O pray for our salvation
Who take the prudent way,
Believing that we shall be exempted
From the general condemnation
Because our self-respect is tempted
To incest not adultery:
O pray for us, the bourgeoisie.

This conviction that the religious impulse is at its core a rebellion
against broken, unhealthy, destructive, and soul-deadening society
(despite its frequent assimilation into the same structures) is the
force behind Auden's verse and a conviction that I share. It's the
reason I'm a Religious Studies major focusing in World Religions-- I
believe that by understanding how "at sundry times and in divers
manners" people have been called to faith, I can better imagine how a
broken world might be healed. I think this is important to note because
I noticed a comment on the link you gave me under Kerry's speech from a
reader not understanding why Kerry didn't focus more on how religion is
so evil and causes so much conflict. I think that religion is important
to study so that we can have a better comprehension of the conflicts
caused by it, but I do not think this is the only reason or even the
most important reason to study it. I think many people discussing the
need for studying "comparative religion" miss this point. I don't think
Kerry (generally) did.

It's interesting to me how the current president, Kerry, and Obama all
have such easily traceable theological "accents," more so than most
public figures. Not only this, but they are important voices, each with
more resonance in our society than most people probably know: the voices
of conservative socially-minded evangelicalism, post-Vatican II
Jesuit-inspired Catholicism, and Protestant liberation theology. What's
also so interesting is that these are conscious tendencies on the part
of all three of the aforementioned figures. They aren't unknowingly and
uncaringly using the religious language with which they have become
accustomed (which can be said of many politicans); they have consciously
thought over their religious alliances and influences and are plainly
disclosing them to anyone "with ears to hear."

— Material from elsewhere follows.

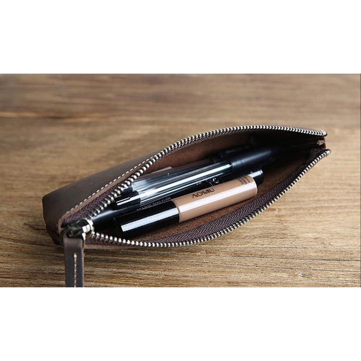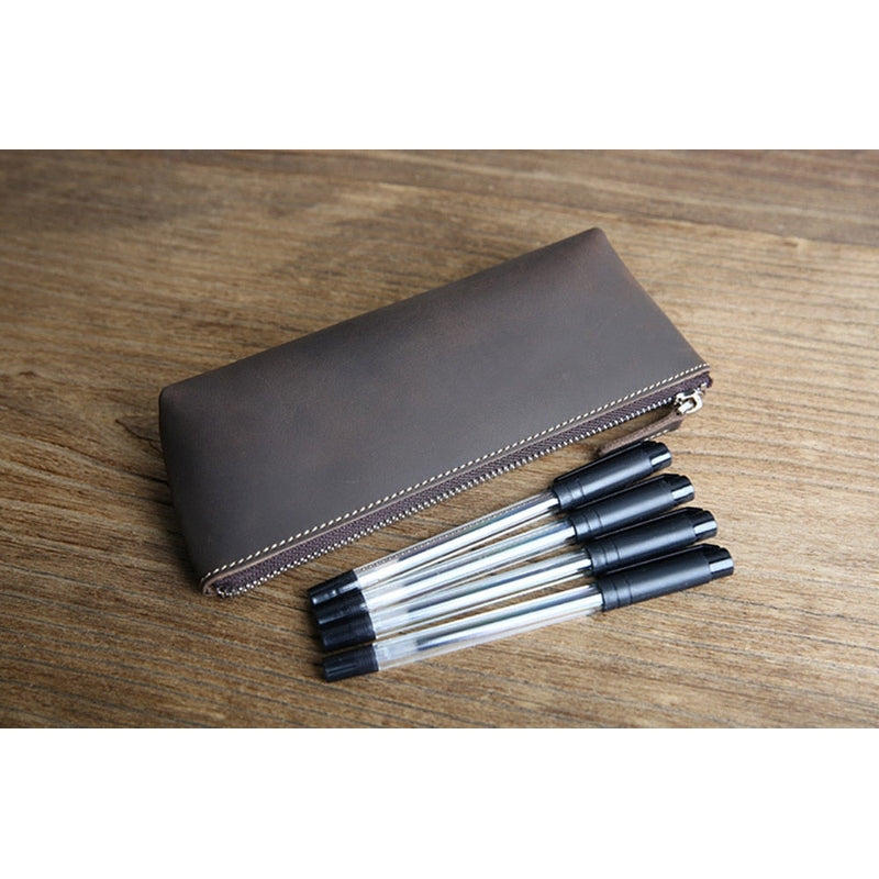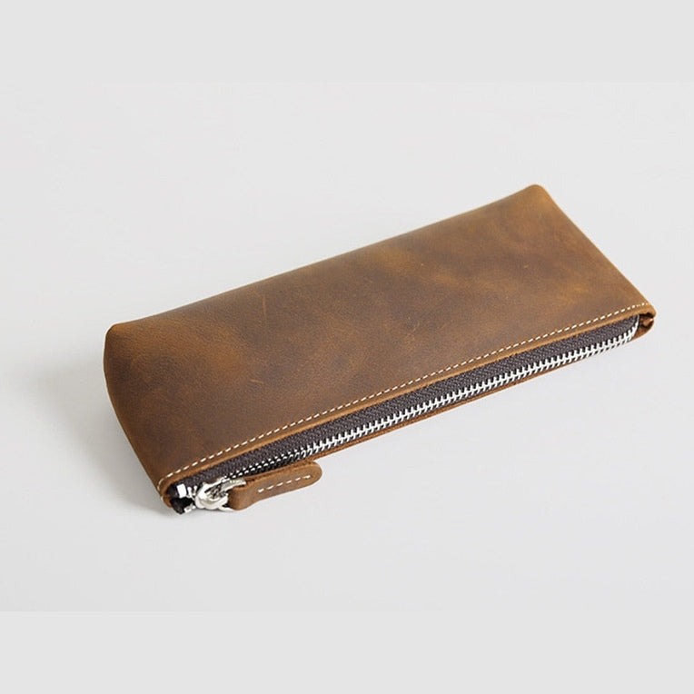 A leather case that is not only stylish but also practical. The Pallavi is a perfect combination of style and practicality. Our leather pencil case is an elegant way to store your makeup and accessories. It is handmade by skilled craftsmen in our workshop, using only the best Full Grain Crazy Horse leather. The Pallavi Leather Pencil Case is built to last. It has a sturdy YKK zipper in front, as well as a sleek design that makes carrying it on the go easy. This handy case can be used as a pencil case or even a stylish purse accessory that will look great on any kind of outfit.

The clearest example of this is Obama. As a Religious Studies major,
what bothers me most about the treatment of Obama in the press vis-à-vis
Obama's religious beliefs is how off-base it is. With all of the hoopla
over Rev. Wright and Obama's Muslim connections, people are forgetting
that Obama is in actuality a convert to Christianity, an adult convert
whose theology is therefore of necessity conscious and genuinely felt.
Describing his first visit to Trinity, he wrote: "And in that single
note-- hope!-- I heard something else; at the foot of that cross, inside
the thousands of churches across the city, I imagined the stories of
ordinary black people merging with the stories of David and Goliath,
Moses and Pharaoh, the Christians in the lion's den, Ezekiel's field of
dry bones. Those stories-- of survival, and freedom, and hope-- became
our story, my story; the blood that had spilled was our blood, the tears
our tears." The scriptural emphasis, the connection of the African
American story with the story of the early Israelites and the later
Christian minority in Rome, a conversion based on a belief in
liberation-- all of these things 'mark' Obama religiously and show what
is really unique about his faith in American politics. For him, religion
is not synonymous with solid upbringing and stability; it is a powerful
force against corruption and injustice. Obama, I would surmise, is fond
of the more powerful rhetoric in Paul's letters, and one can imagine
that much of his vision of Christianity has been derived from Paul's
dramatic statements: "For we do not wrestle against flesh and blood, but
against principalities, against powers, against the rulers of the
darkness of this age, against spiritual hosts of wickedness in the
heavenly places. Therefore take up the whole armor of God, that you may
be able to withstand in the evil day, and having done all, to stand.
Stand therefore, having girded your waist with truth, having put on the
breastplate of righteousness, and having shod your feet with the
preparation of the gospel of peace; above all, taking the shield of
faith" (Ephesians 6:10-16). I would classify Obama as coming out of a
definite tradition of liberal Protestant theology, and could probably
even guess at which theologians he respects the most.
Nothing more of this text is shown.